__DIRECTIONS FOR THIS TASK__.
Exactly as written, return every line of the data below apart from the pictures.

__Recorded data__.
--- START ---
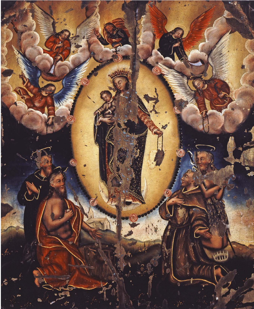
6. The Virgin of the Rosary with the Christ Child and Four Holy Hermits , oil painting on metal plate, early 17 th century.
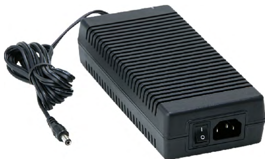
3.52"W x 7.44"L x 1.79"H
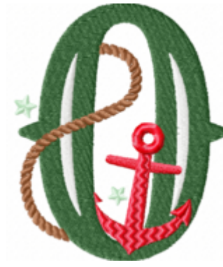
File: O Stitched 4 Inch.jef Stitches: 11074 Size: 84.3x101.8 mm Colors: 5/5 Stops: 4
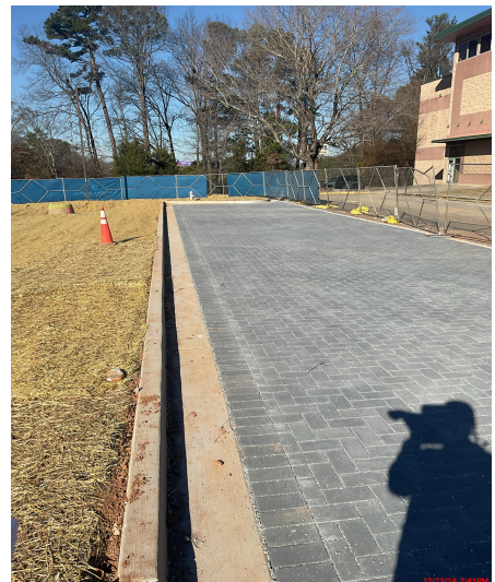
Paver installation completed on the right side.
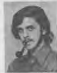
By Dan Budd

Look over our present society. Do you notice how much of it is built on the idea of fear? In other words, you do something out of the fear of the consequences of not doing it or not doing it in the way you are expected to do it. Do you see definite drawbacks to such a system?
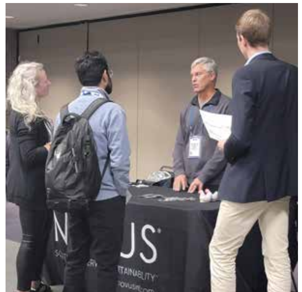
Ph.D. and vet students participating at the Ph.D. and Vet Student Career Fair
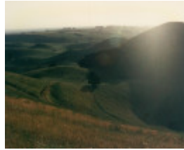
L10155 Mt Leura Complex
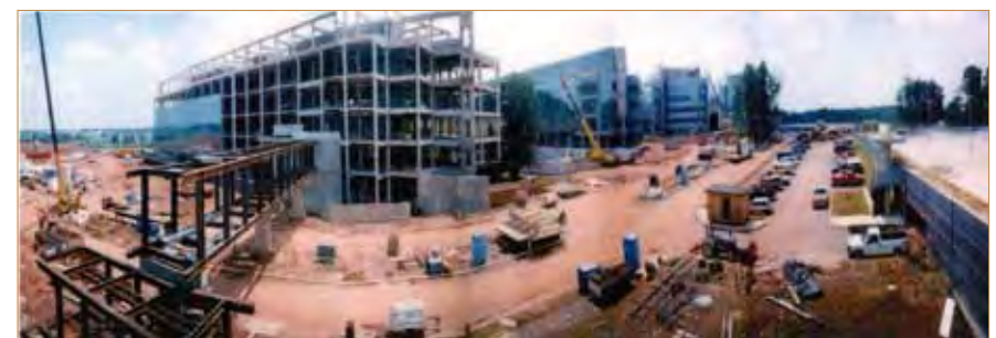
Figure 9: NRO Headquarters Under Construction

A joint review carried out by the Defense Department and CIA found no intent by NRO officials to mislead Congress and that the NRO had provided cost data to
--- END ---
__RESPONSE TO THE TASK__.
6. The Virgin of the Rosary with the Christ Child and Four Holy Hermits , oil painting on metal plate, early 17 th century.
3.52"W x 7.44"L x 1.79"H
File: O Stitched 4 Inch.jef Stitches: 11074 Size: 84.3x101.8 mm Colors: 5/5 Stops: 4
Paver installation completed on the right side.
By Dan Budd

Look over our present society. Do you notice how much of it is built on the idea of fear? In other words, you do something out of the fear of the consequences of not doing it or not doing it in the way you are expected to do it. Do you see definite drawbacks to such a system?
Ph.D. and vet students participating at the Ph.D. and Vet Student Career Fair
L10155 Mt Leura Complex
Figure 9: NRO Headquarters Under Construction

A joint review carried out by the Defense Department and CIA found no intent by NRO officials to mislead Congress and that the NRO had provided cost data to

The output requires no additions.